----- RECORDS TO USE

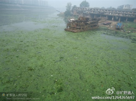 In a movement that has become known as Xiang River Watcher, Green Hunan’s volunteers @绿色潇湘 have been working with the media and doing a wonderful job to monitor the Xiang River. Though their work is noble, they usually find sad situations. More and more photos and videos taken by Green Hunan’s volunteers are alerting people to the Xiang River’s abnormal conditions. Here are two photos that they posted in October and early November of 2011. Many segments of the Xiang River and its tributaries are covered by trash, water hyacinth, and duckweed.
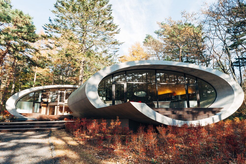 Фантастический дом «Shell residence» расположен в живописной японской префектуре Нагано. По своей форме он напоминает раковину огромного моллюска, затерявшуюся в нетипичной для себя стихии – реликтовом смешанном лесу Каруизава. Проект необычной виллы был разработан архитектором Котаро Иде из компании «ARTechnic», и реализован за 18 месяцев – строительные и отделочные работы были завершены в 2008 году. Несмотря на свою сказочную внешность, дом отлично адаптирован к суровым местным климатическим условиям. Он построен из пористого бетона, который в отличие от кирпича и дерева не разрушается под действием влажного воздуха и низких температур. Двойные стеклопакеты, специальные пропитки и внутренняя изоляция стен обеспечивает высокую теплоэффективность дома – он сохраняет внутреннюю температуру, подобно термосу. Дизайн здания одновременно простой и сложный. Мягкая пластичность линий формирует мощный 3D объем, с каждого ракурса дом выглядит по-разному. В архитектуре дома читается традиционный
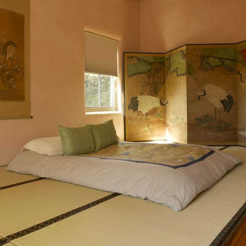 Таким же образом можно украсить двери, перегородки, полки или одну из стен. Для японского стиля характерны низкие кровати из темного дерева с отсутствием изголовья.
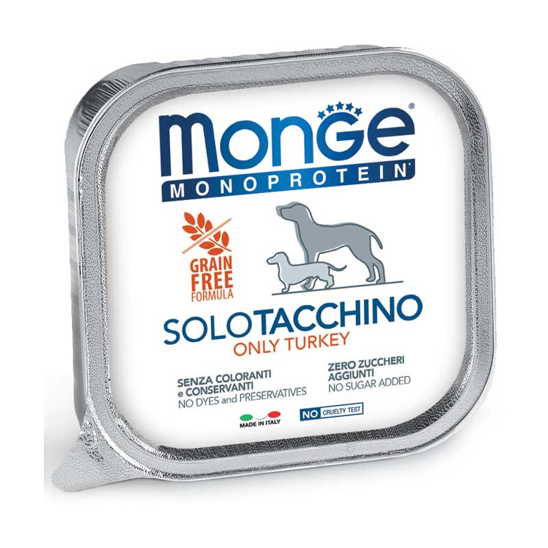 | 800947001414 | MONGE MONOPROTEIN SOLO ADULT PATE' TACCHINO - 24X150GR VASCHETTA - CANE | Su ordinazione |
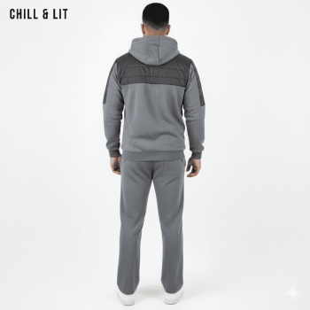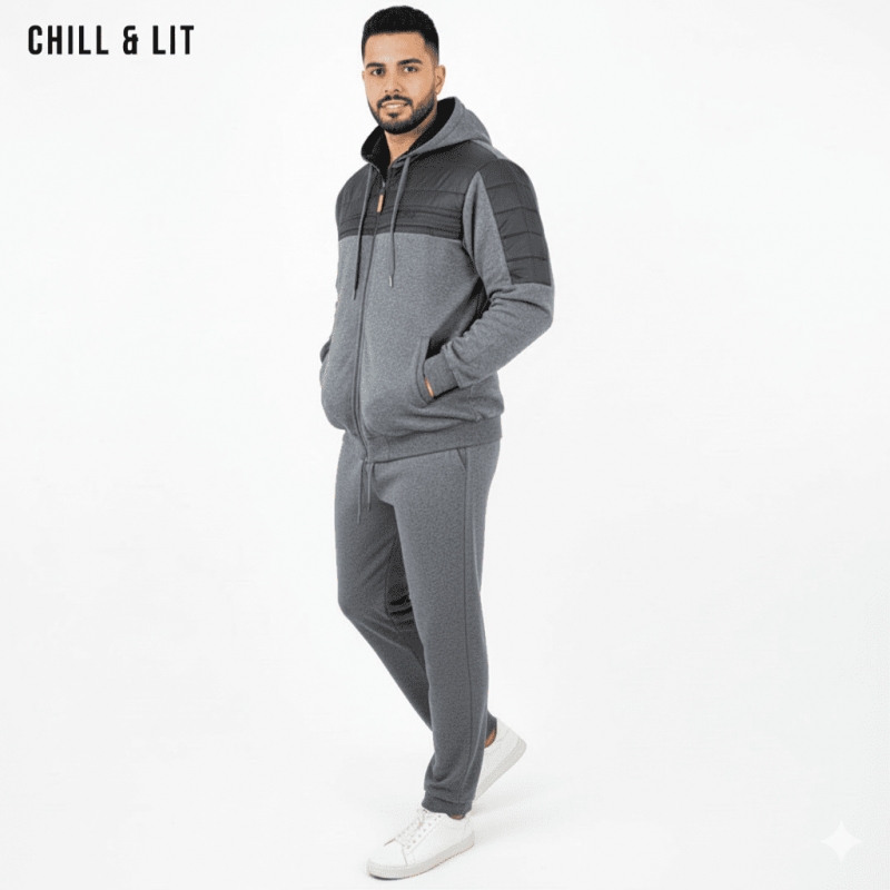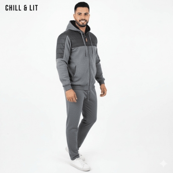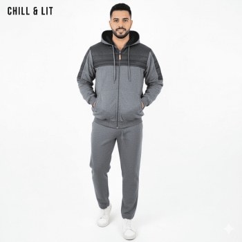 Survêtement Homme Gilet à Capuche + Pantalon Large . Le mannequin porte la taille XL .
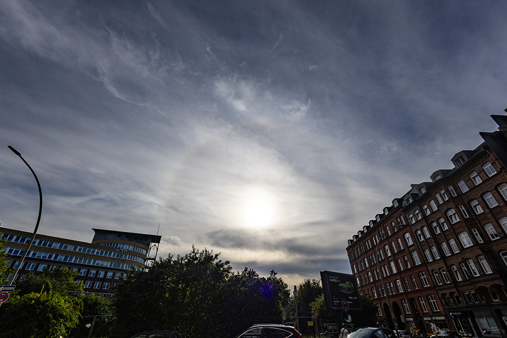 Der Tag startete wolkenlos (Bild 1), ehe von Süden Cirrus und Cirrostratus aufzogen. In den Wolken konnte am Nachmittag eine linke Nebensonne gesichtet werden (Bild 2) und am Abend gab es an der

----------

§ **WHAT THE TASK REQUIRES**
Pictures in the material above should be skipped; print exactly the lines from the one with "Su ordinazione |" through the one with "Survêtement Homme Gilet".

§ **RESULT BELOW**
 | 800947001414 | MONGE MONOPROTEIN SOLO ADULT PATE' TACCHINO - 24X150GR VASCHETTA - CANE | Su ordinazione |
 Survêtement Homme Gilet à Capuche + Pantalon Large . Le mannequin porte la taille XL .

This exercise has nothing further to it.